Беседа происходила в гостиной стратоновского дома. Эту небольшую, уютную комнату Лаура устроила по своему вкусу, сочетая приличествующую скромным сельским помещикам простоту и изысканность, к которой привыкла она в Петербурге и Москве. Мягкие, пастельные тона стен и мебели, темно-зеленые, тяжелые портьеры, изысканные канделябры и картины с видами дорогой сердцу урожденной княжны Алерциани Грузии… Эти пейзажи успокаивали ее в минуты раздражения. Каждый год она собиралась навестить родные края и показать их дикую красоту младшим детям. Но хозяйственные заботы и нехватка средств препятствовали этому намерению. Старшая дочь, Тамара, обладавшая сильным и красивым голосом, выучилась от матери песням ее родины и иногда пела их на домашних концертах, перемежая с романсами на стихи поэтов, которых некогда Лауре посчастливилось знать…

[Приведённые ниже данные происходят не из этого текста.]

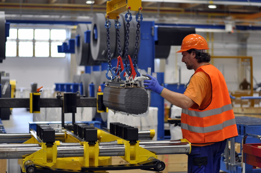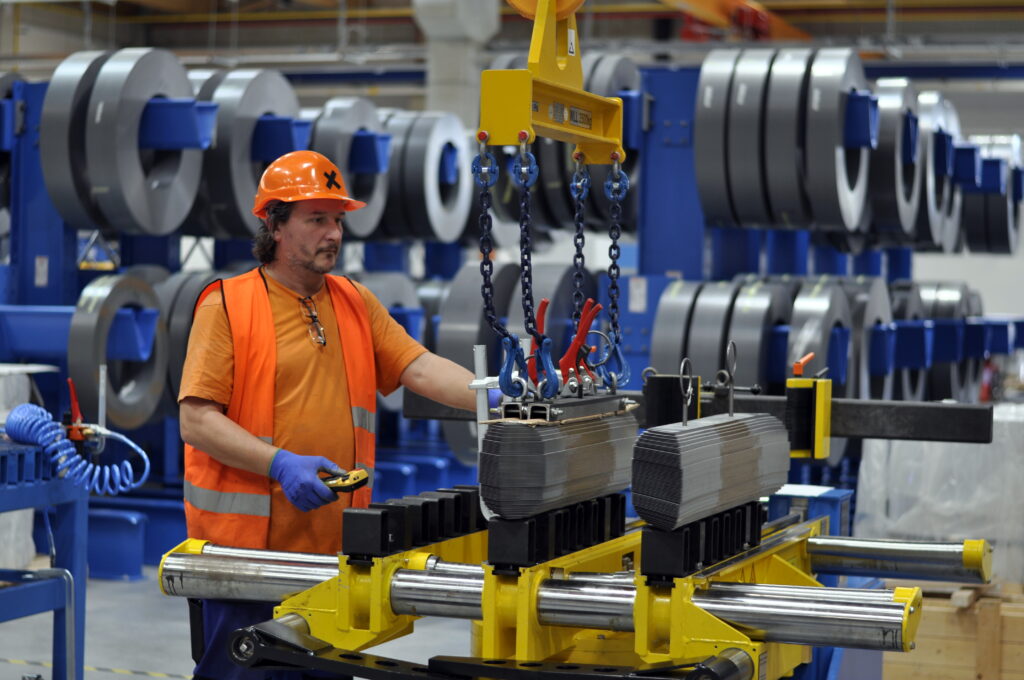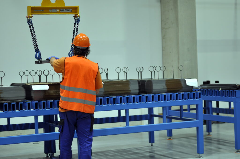 Obr. 2 Přesun vysekaných sloupků na montážní stůl
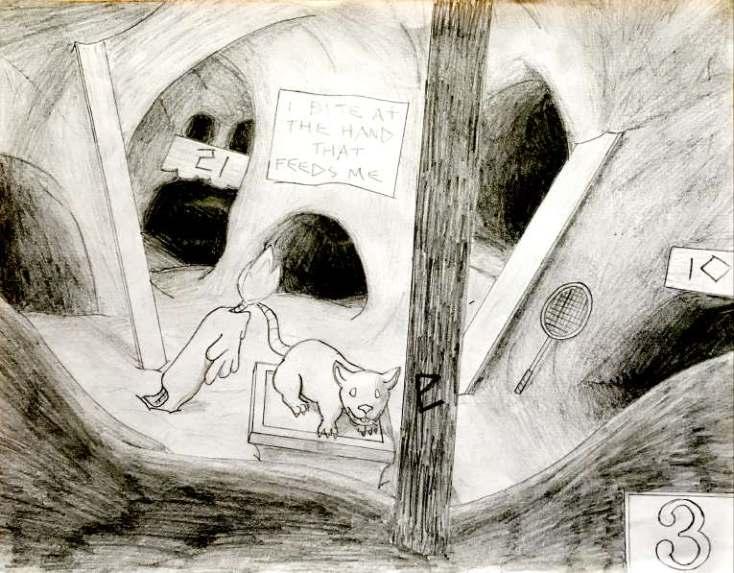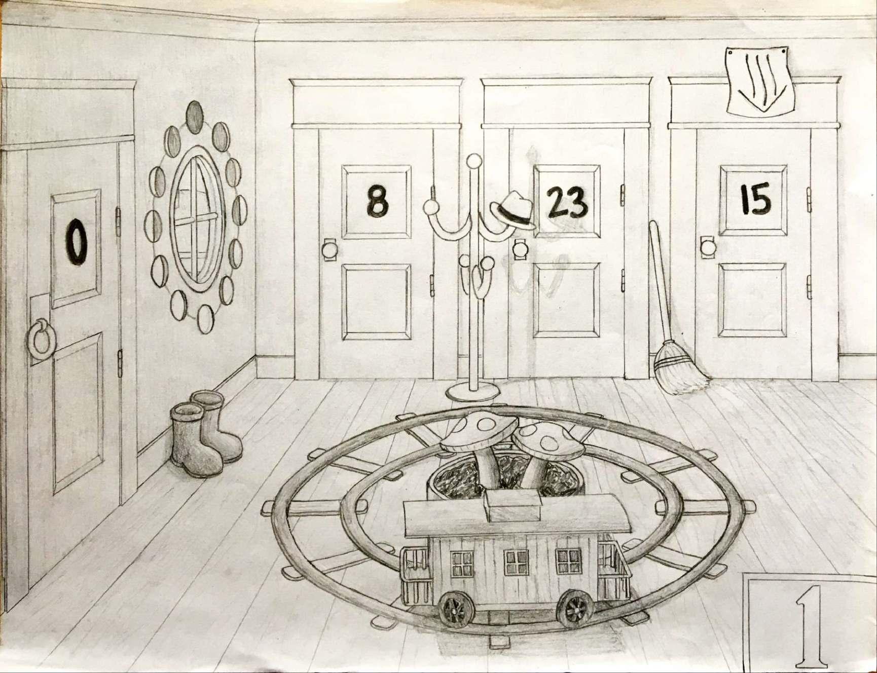 In 1985 came the release of Christopher Manson’s mystifying MAZE: Solve the World’s Most Challenging Puzzle. “This is not a book,” read the introduction. “It is a building in the shape of a book.” Each page portrays a room, with “doors” leading to other pages. As a child, I spent hours contemplating the mysterious spaces of MAZE until my dreams swam with images of numbered doors. The rooms have not only a striking melancholy but also an inescapable intensity, due to the fact that there is supposedly a right choice in every room, and somehow the room is telling you which exit to take. After years of planning and iterations, I eventually succeeded in creating my own version of MAZE, complete with an intricately complex web of puzzles. I believe I’ve emulated Manson’s work quite effectively, providing both a unique spatial experience and a devilishly difficult trial for all who dare enter.
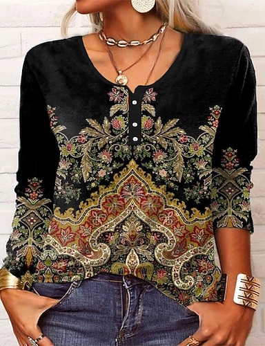 Női póló Hosszú ujjú V nyak Hosszú ujjú tunika Grafika Növények Mandala Elegáns Bohémia Vintage Szokásos Felsők Napi Kimenő Hétvégi Nyomtatás Fekete Tavasz Ősz Tél Előősz
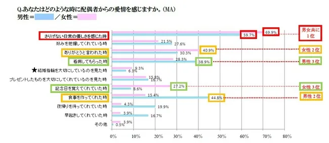 調査では、多くの人が「さりげない日常の優しさ」を愛情を感じる瞬間として挙げており、65.4%がこの回答を選びました。「ありがとうと言われた時」や「看病してもらった時」など、日常の小さな瞬間で愛を感じることが多いことが分かります。特に、男性が「食事を作ってくれた時」に多くの愛情を感じていることが面白い点です。これは「胃袋婚」という言葉が示すように、食事を通じて愛情を象徴する文化が根付いていることを示しています。
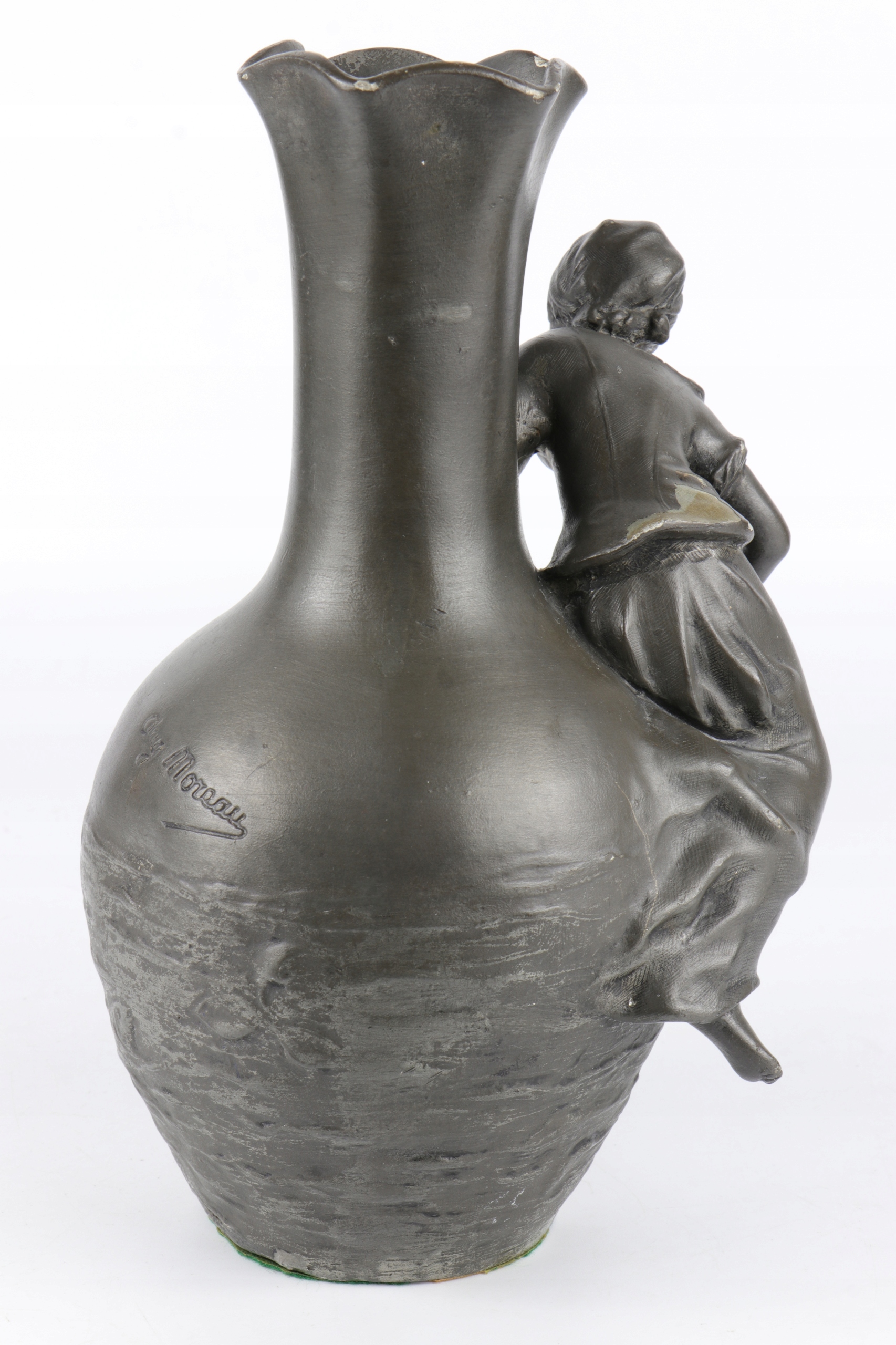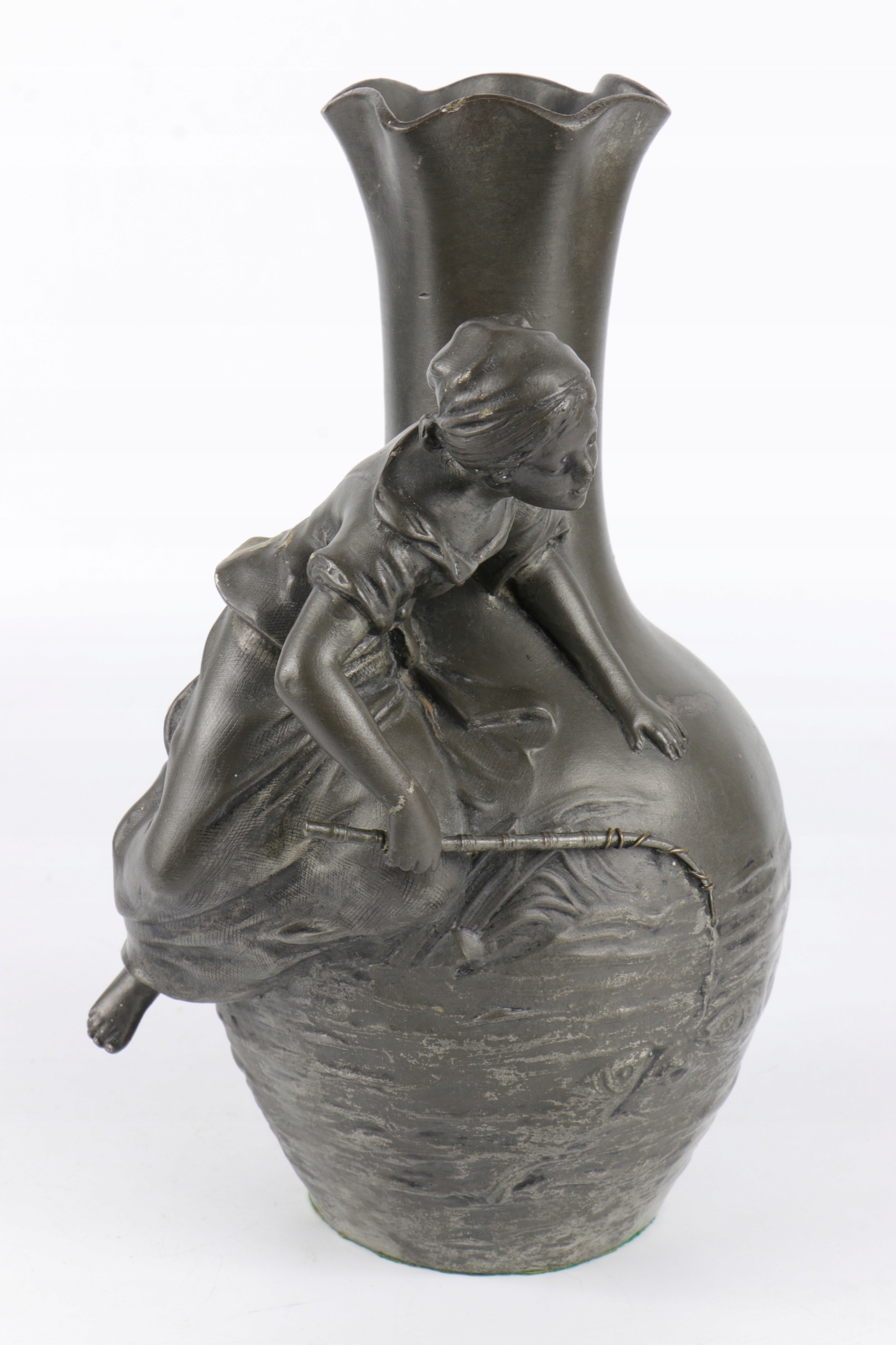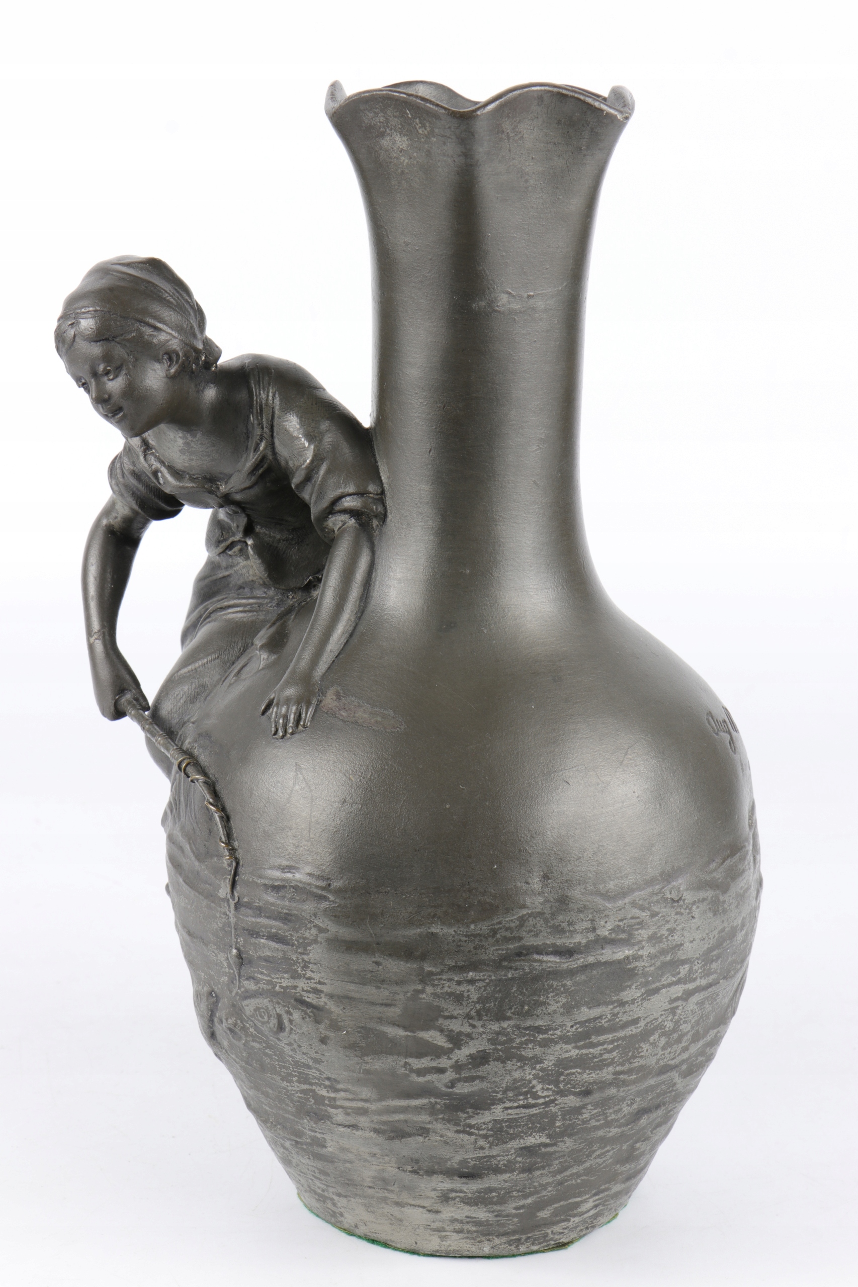 Арт -модерн фигуральная ваза подписана с именем Август Моро. Объект прекрасно смоделирован. Фигура молодой женщины с рыбацкой стержней, установленной на животе вазы, стилизованной на поверхность озера. Красивое французское отделение. Подписано у основания с листовым знаком "E.Fres" и оловом. На дне чисел литейного завода, сделанного вечными чернилами.

– Чему же вы удивляетесь? – приподнял бровь Константин.

– А тому, что вы говорите о мире, как о чем-то совершившемся, рассуждаете, как устраивать жизнь после него. Как будто так и должно быть! А ведь это позор и бесчестье – весь этот готовящийся мир! – Александр Афанасьевич резко поднялся, прижал к печной стене свои по-женски изящные, нервно подрагивающие руки. – Неужели вам все равно?! Мы потеряли столько людей, флот, Севастополь… И теперь признать поражение? Проклятая, проклятая эта война! А виной всему деспот с его гордыней! Мнил себя хозяином Европы, посылал армии во все ее концы… Все-то парады! Бряцание оружием! Добряцались! На черта вообще нужно было лезть в эту войну?! Самолюбие! Самолюбие деспота за счет жизни солдат и офицеров! И что теперь?! Что?! Деспот умер, завещав нам позор… Ненавижу!.. А армия! Наша хваленая армия! До чего нужно было довести победительницу Наполеона, чтобы она осрамилась при Альме и Инкермане! Не смогла защитить Россию не от гения Бонапарта и двунадесяти языц, но от его внука и прочей шайки негодяев!

– Я понимаю ваше горе, Александр Афанасьевич, – сдержанно сказал Сергей, – но просил бы вас в моем присутствии не оскорблять ни памяти моего Государя, ни армии. Покойный Император, которому всю жизнь были преданы мой отец и ваш шурин, поступал по велению Чести. И умер он также – с честью. Он не мог пережить поражения России так же, как Павел Степанович не мог пережить падения Севастополя. И бесчестье, что ныне раздаются голоса хулителей, которые еще вчера славили Императора.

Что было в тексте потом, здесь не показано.